O Reino Unido tem tido, por séculos, um séquito de admiradores em todo o mundo. Visto como modelo de democracia, assente no “poder do consenso” social e político, na expressão do historiador François Bédarida, muitos foram os que o encararam como exemplo.

Enquanto a Europa se debatia com as dores do parto do Estado liberal constitucional, embrenhada em revoluções e confrontações civis, o Reino Unido surgia como oásis de estabilidade, assente nos princípios da limitação e separação de poderes, do respeito pelas liberdades individuais e da tolerância, sob a benção de uma religião “temperada”, como a descreveu Disraeli e servido por um escol de talentosos políticos. A tudo isto acrescia a sua condição de potentado imperial, económico e financeiro.

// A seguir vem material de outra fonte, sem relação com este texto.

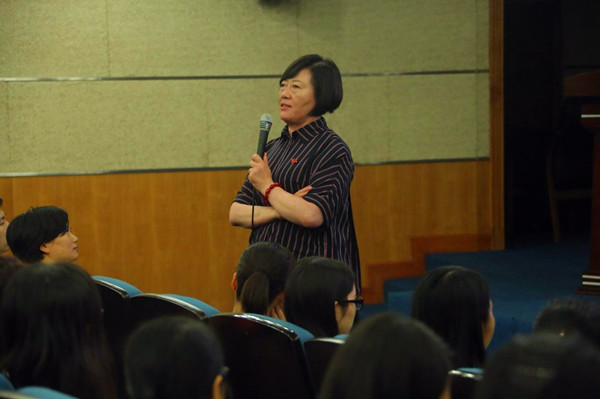新生党员代表李娟娟发言 热烈的分享交流环节后,教育学部党委副书记韩春红带领全体新生党员集体重温入党誓言。铮铮誓言回荡在会场中,气氛严肃而庄重。 教育学部党委书记汪海萍在最后的总结讲话中表示,作为学生党员,应当勇于承担更多的责任,积极参加组织生活,加强对党的认识。同时指出,每一位党员都应该思考如何在一生中践行党的纲领,告诫新生党员要做一个道德高尚、有尊严、有格局的人,也应该成为可爱、可敬、可亲的人,这样才能更好地发挥党员先锋模范作用。
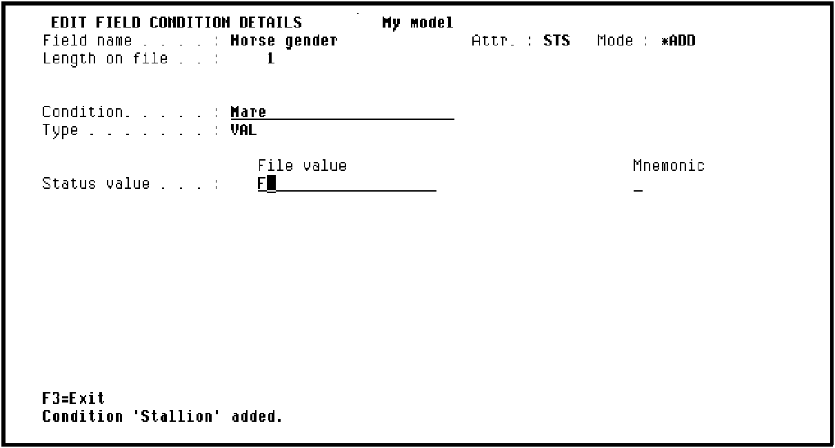 In this case, you can overwrite Stallion with Mare, and M with F. Type the details of the next condition.

Porém, o século XX trouxe à Velha Albion um longo processo de declínio. A perda de dinamismo económico, agravado pelas duas guerras mundiais e a queda do império, que se sucede à Segunda Guerra Mundial, põem fim a uma era “gloriosa”, que apenas sobreviveu na ritualização da monarquia e na reconhecida qualidade dos seus políticos e servidores públicos, cuja reputação, embora por vezes exagerada pela promoção que os britânicos sabem bem fazer de si mesmos, tem sido, em muitos casos, plenamente merecida.

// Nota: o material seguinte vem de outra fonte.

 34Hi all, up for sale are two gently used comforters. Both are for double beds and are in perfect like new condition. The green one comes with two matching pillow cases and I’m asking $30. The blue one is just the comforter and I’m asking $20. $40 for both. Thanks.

Porém, nem mesmo esse património restante parece seguro actualmente. Se a centúria passada não foi generosa para os ingleses, o presente século parece ter-se iniciado sob o signo de novo ciclo de declínio, desta feita político e institucional.

Desde logo no civil service, afamado pela sua competência e ética de serviço público, mas que tem ultimamente manifestado sinais contrários: a divulgação dos memorandos do embaixador britânico acreditado em Washington, contendo afirmações pouco abonatórias sobre o presidente norte-americano ou a publicação nas páginas dos jornais de documentos relativos ao estado de saúde do líder da oposição, Jeremy Corbyn, desgraçadamente demonstram-no.

Quanto à elite política, os exemplos de má condução dos assuntos do Estado multiplicam-se: a gestão desastrosa do Brexit, que paralisou Governo e Parlamento ou o comportamento desonroso do ex-ministro da Defesa, Gavin Williamson, surpreendentemente reconduzido no actual Executivo, que divulgou o conteúdo de uma reunião confidencial do Conselho de Segurança Nacional, atestam a má figura que os britânicos têm feito perante o mundo incrédulo.

Simultaneamente, a conduta de certos actores políticos nada tem feito em abono da sua classe e da reputação grangeada pelos seus pretéritos: o apelo de Jacob Rees-Mogg ao boicote das instituições europeias em caso de adiamento do Brexit – pelo qual ele mesmo foi um dos responsáveis ao chumbar na primeira votação o acordo de saída da UE – revelador de falta de sentido de Estado e de dignidade, provando que o fato de Savile Row não faz o gentleman, ou o comportamento arruaceiro dos eurodeputados do partido Brexit no Parlamento Europeu, de costas voltadas para o hemiciclo, num acto de hostilidade e desrespeito por uma instituição democrática, são dois tristes exemplos de comportamento indigno.

Como se tal não bastasse, a nomeação do exuberante Boris Johnson –  aspirante a novo Churchill, com o qual tem apenas em comum o jeito para a frase eloquente e a excentricidade aristocrática, embora no seu caso, de origem longínqua e por via ilegítima – como líder do Partido Conservador e, por inerência, primeiro-ministro, nada augura de bom, conhecidas que são a sua inconstância e a inclinação demagógica.

No que à milenar monarquia diz respeito, parece ter optado, num afã de modernização, por reflectir as mudanças sociais e militar em causas em voga, empenhando-se num activismo que compromete o seu carácter eminentemente simbólico e representativo da continuidade e da tradição, acima da sociedade e dos seus debates, arriscando, em nome de uma popularidade imediata e momentânea, o seu prestígio no longo prazo, pois a sua razão de ser radica precisamente no facto de não ser moderna.

Parafraseando a famosa frase de Marcellus, personagem de “Hamlet”, algo está podre no Reino Unido.

O autor escreve de acordo com a antiga ortografia.